Get more contributors (and diversity) through outreach*
Want to learn how to *successfully* reach out to new contributors? Learn from other projects' successes
Programs like Google Summer of Code often provide excited students who disappear after a summer’s work. Meanwhile, request for help emails on development lists are frequently met with silence. Hackathons create a flurry of commits, but then we never hear from the participants again. Expanding your team is possible, and it requires care in terms of outreach, expectation management, and mentorship.
In the past two years, projects have been experimenting with new strategies for gaining and retaining participants. Their lessons can be applied to your communities. We will cover:
- How the Fedora Design Team brings in new contributors who stay involved
- How changing the culture of the Debian-Mentors mailing list led to more package review
- How the San Francisco Ruby meetup grew in in numbers as well as in diversity, moving from 2% women to 18% in one year
By focusing on unusual, effective outreach strategies, the talk will leave you with practical tips you can use within your project.

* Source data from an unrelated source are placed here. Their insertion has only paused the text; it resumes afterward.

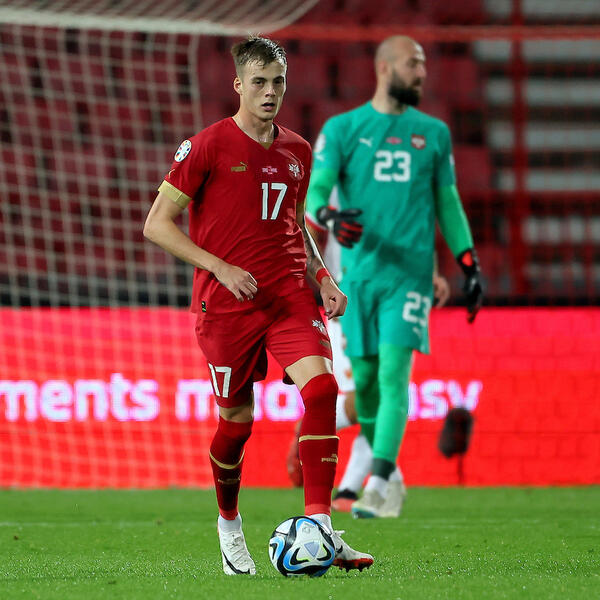 Dobio je loptu od Saše Lukića, ali i dosta prostora unutar šesnaesterca Crne Gore. Namestio se i spoljnom sa mnogo efea poslao loptu u suprotan ugao za prelep gol i vođstvo Srbije.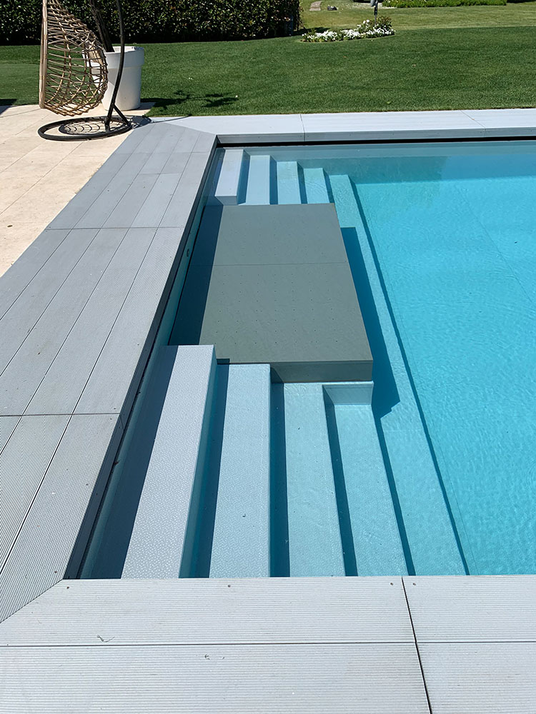 Oltre ai vantaggi dal lato estetico, questa soluzione ci permette di sfruttare a pieno lo spazio circostante alla vasca, permettendoci di sbizzarrirci con l’arredo piscina e creando una zona dedicata al comfort e al relax.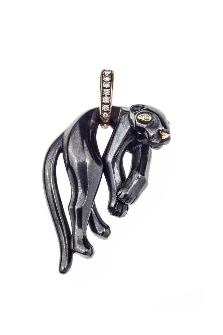 Ciondolo in argento brunito, firmato Cartier, a forma di pantera. Occhiello in oro rosa con diamanti taglio brillante per totali ct 0,10 ca

We will conclude with group questions and answers.
Target audience: anyone involved in an free software project who wants to find more contributors
Asheesh loves growing camaraderie among geeks. He chaired the Johns Hopkins Association for Computing Machinery and taught Python classes at Noisebridge, San Francisco’s hackerspace. He realizes that most of the work that makes projects successful is hidden underneath the surface.
He has volunteered his technical skills for the UN in Uganda, the EFF, and Students for Free Culture, and is a Developer in Debian. Today, he lives in San Francisco, working on OpenHatch.
- Title: Learn Open Source Skills Without Embarrassing Yourself
- Track: Culture
- Room: B301
- Time: 1:30 – 2:15pm
New contributors are often intimidated the first time they appear in public to share a tarball, submit a patch, or open an IRC client. What if they could practice within “training levels” for open source contribution? This talk introduces the OpenHatch training missions, an open-source, interactive, entertaining way to learn the tools and culture of our community.